A #25*mL# volume of sodium hydroxide solution of #0.150*mol*L^-1# concentration is stoichiometrically equivalent to a #15.0*mL# of sulfuric acid. What is #[H_2SO_4]#?

1 Answer
Feb 24, 2017

To find #[H_2SO_4]#, we need (i), a stoichiometrically balanced equation:

Explanation:

#H_2SO_4(aq) + 2NaOH rarr Na_2SO_4(aq) + 2H_2O(l)#.

And (ii) equivalent quantities of sodium hydroxide,

#"Moles of NaOH"=25.0*mLxx10^-3*L*mL^-1xx0.150*mol*L^-1=3.75xx10^-3*mol#

Given the equation, we KNOW that there was a half an equiv of sulfuric acid present in the original volume of #H_2SO_4(aq)#.

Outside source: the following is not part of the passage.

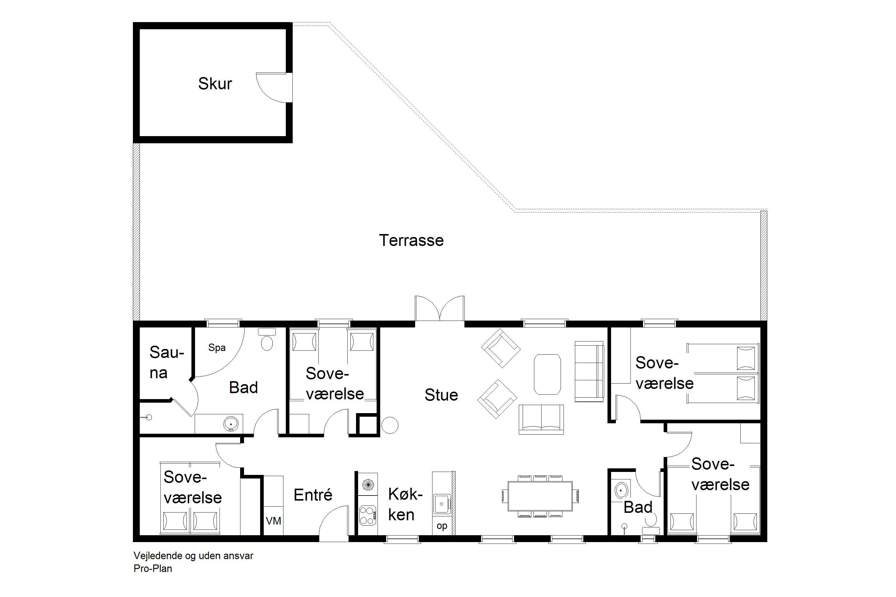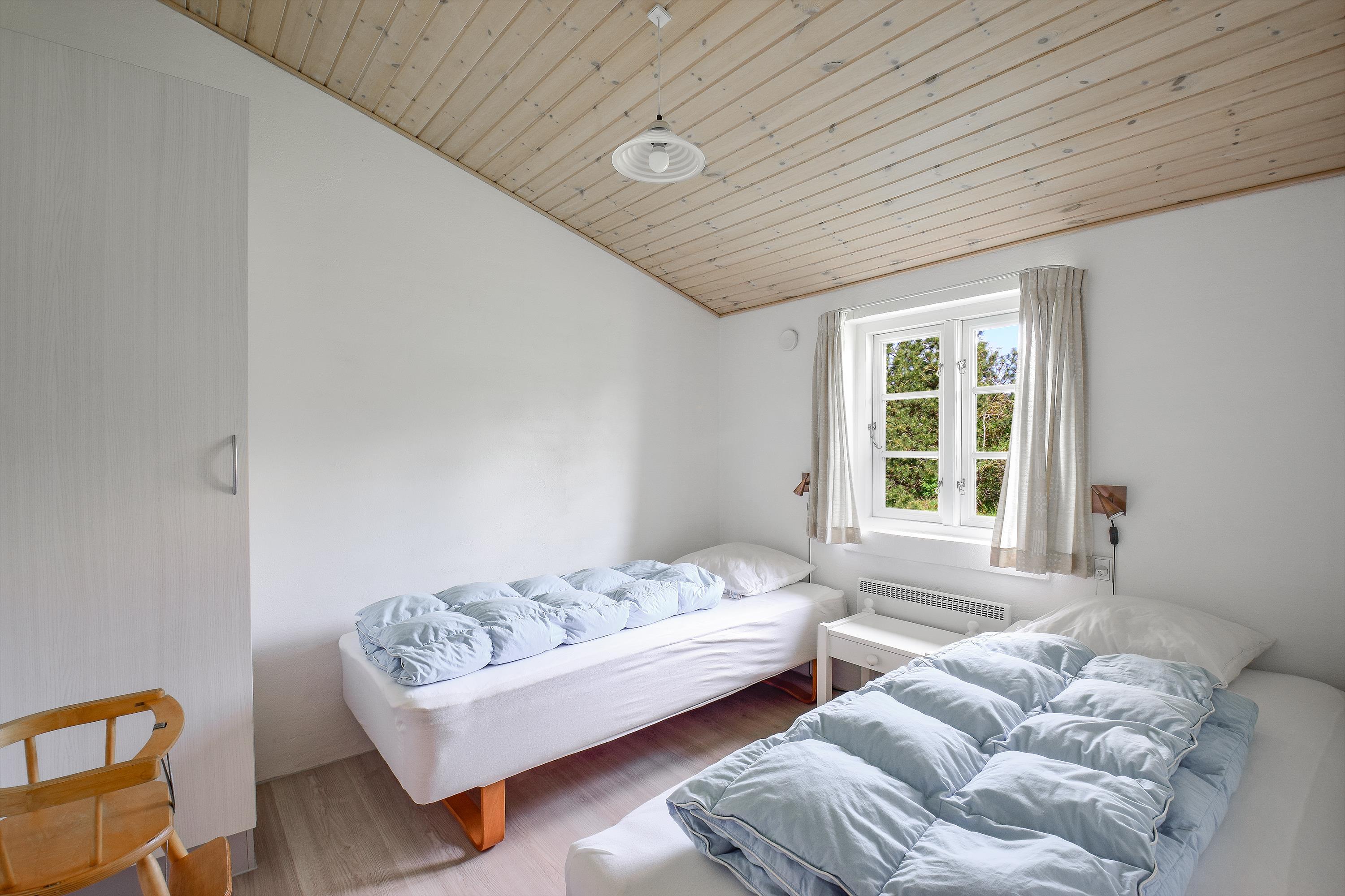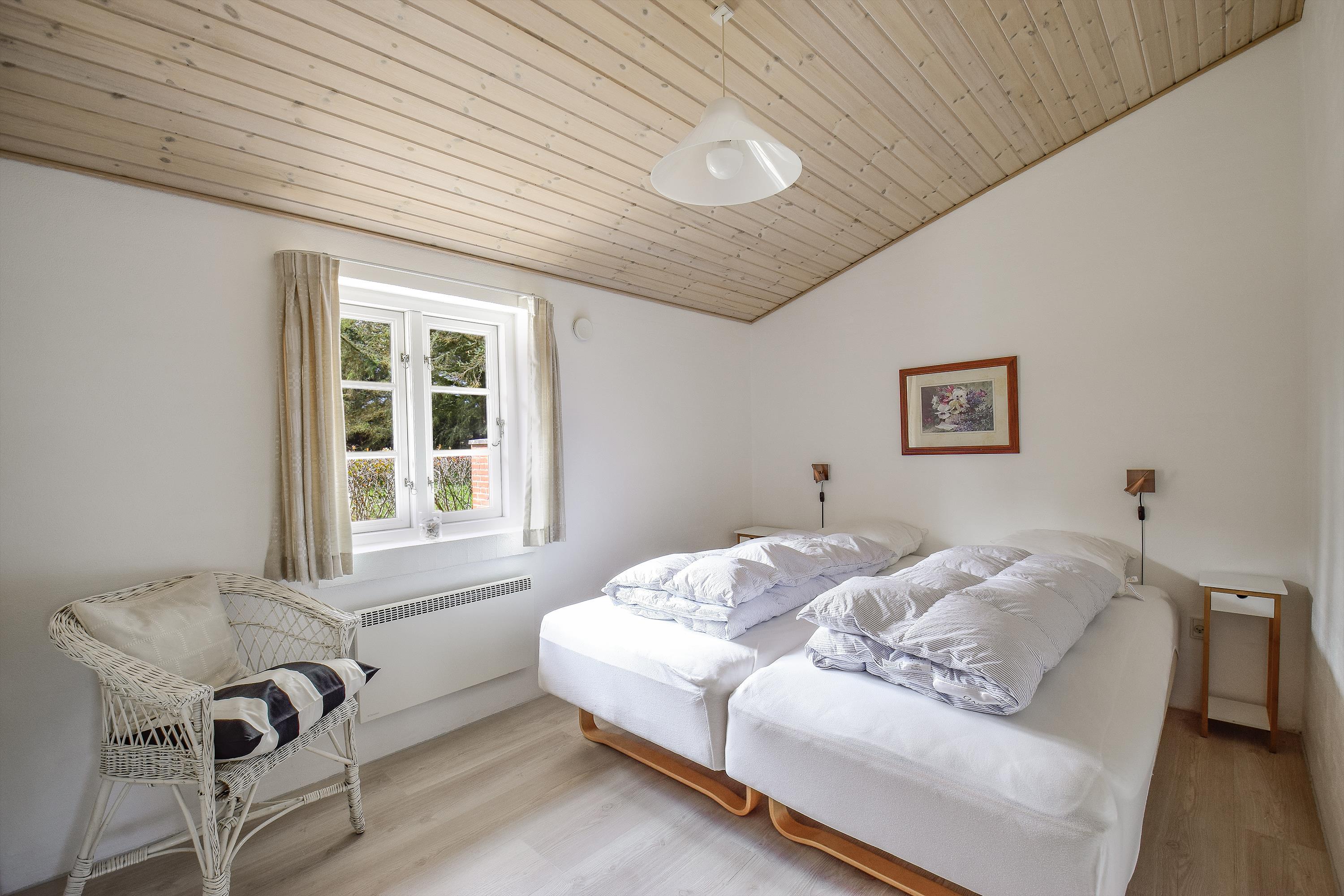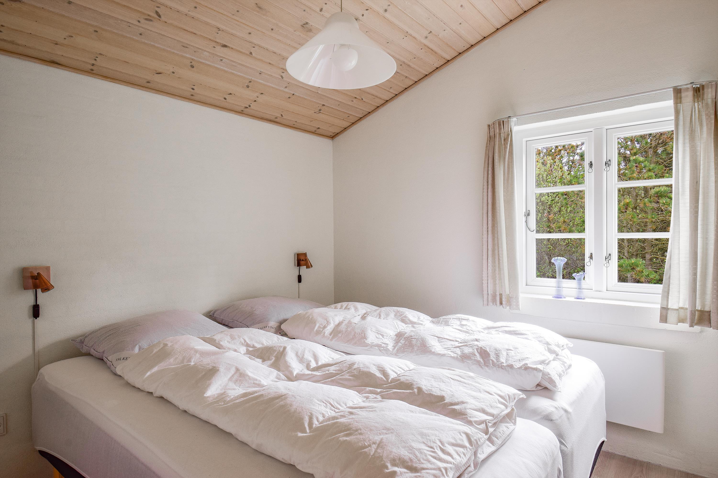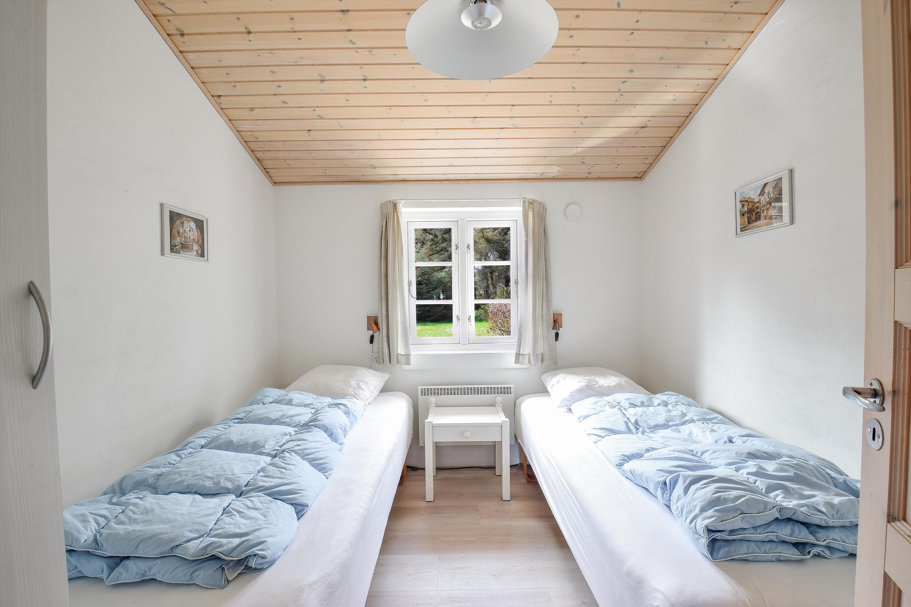 Huset har to separate soveafdelinger – ideelt til både familier og venner, der ønsker lidt privatliv. I hver ende findes to værelser: ét med dobbeltseng og ét med to enkeltsenge, samt et badeværelse.

And thus #[H_2SO_4]=(1/2xx3.75xx10^-3*mol)/(15.0xx10^-3L)~=0.13*mol*L^-1#

All I have done here is to use the relationship:

#"Concentration"# #-=# #"Moles of solute"/"Volume of solution."#

And thus,

#"Concentration"xx"Volume"="Moles of solute"#, etc. etc...........